A view of the vacant plot of land, left, that is part of the property containing the Lyon-Martin House, seen at right. Photo: Matthew S. Bajko  

They offered to sell the existing building to the Friends of the Lyon-Martin House for $1.2 million, according to Shayne Watson, a lesbian and architectural historian who co-founded the group. Earlier this year the friends held a charrette inside the home to discuss its future usage and announced its desire to buy it in April on its Instagram page.

"In seeking to acquire the house, the Friends of Lyon-Martin House need your support. The house requires significant structural repairs, and its small size, limited occupancy, and siting on a steep hill in a residential neighborhood present public access and accessibility challenges," the group noted in its post.

As of this month, it was the last post by the friends group on its page. During a phone interview in early October with the B.A.R. Watson said the group had been unable to raise the money needed to buy the Lyon-Martin House. She expects it will be put back on the market for sale at some point.

"We couldn't raise that money," said Watson. "We have a plan in place for acquisition, but we are just a small committee that I arranged. We don't have expertise in terms of fundraising. None of us feel comfortable asking for money."

Whoever does buy the home hopefully will be committed to its preservation, added Watson.

"We want it to go to someone in the community," she said.

Mandelman said it is "unfortunate" that the friends group is not able to buy the historic structure, which is San Francisco's 292nd city landmark.

"It is good the building is still there and it is protected in as far as you can protect something with a landmark designation," he said. "It is disappointing they were not able to come up with the money to ensure it would be operated by a nonprofit committed to the mission of preserving Del and Phyllis' memory."

He told the B.A.R. October 16 that he had not been apprised of the friends groups' inability to raise the money needed to buy the home.

"They have not communicated with me, so it's hard for me to comment without knowing about their efforts," said Mandelman. "It is disappointing, and a little surprising to me. But, again, I don't know what they have done or tried to do."

Hoping legacy is honored
Even though it has landmark status, the house can still be acquired for use as a private residence. Should someone purchase it to be their home, Mandelman told the B.A.R. he hoped they would honor its legacy as an important LGBTQ historic site.

"I think you have to do it with the clarity and a lot of care to preserving the historic integrity of the property. Maybe there will be someone for whom owning the Lyon-Martin House and being able to be the steward of that will be exciting," said Mandelman. "A great outcome would be for it to be a museum or some nonprofit-owned resource. If a private owner wants to own it and use it in a way consistent with its landmark status, I think it is a very good next best option."

The Mckeowns have not responded to the B.A.R.'s request for comment about what their plans are in regard to the Lyon-Martin House. Earlier this year, they received permission from the city's planning department to build a four-story single family dwelling over a garage with a basement that will have 649 Duncan Street as its address.

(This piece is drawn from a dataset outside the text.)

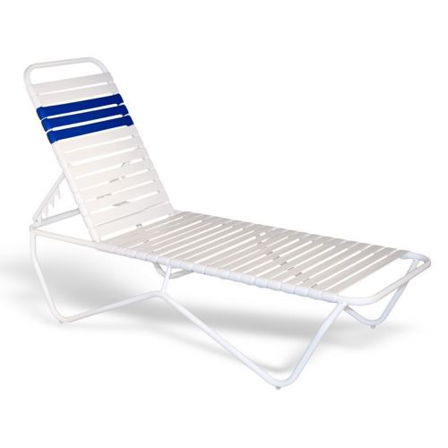 14 inch strap chaise lounge made for commercial use. Back adjustable to multiple positions and folds flat. Stackable. Aluminum white powder coated frames resistant to outdoor environments sun, rain and suntanning lotions. 2 inch thick PVC vinyl is made with 100% virgin vinyl against breakage. Double wrap strapping. Vinyl straps contain UV inhibitors for resistancy under sun. Dimensions: 80"L × 27"W × 14"H. White frames with white straps with 3 accent contrast colored straps. Choose from 6 accent colors.

"No further environmental review is required," wrote senior environmental planner Don Lewis in his determination dated January 17 that the project was exempt under the state's California Environmental Quality Act. "There are no unusual circumstances that would result in a reasonable possibility of a significant effect ... Building permit approved."

To date, no work has been done at the property. A visit to the site October 19 found the yard overgrowing with vegetation and no indication that any construction would soon commence.

"Without the funds to acquire the property, and the longer the landmark is allowed to decay, the future of the Lyon-Martin House is uncertain," Watson told the B.A.R. in a follow-up conversation October 19.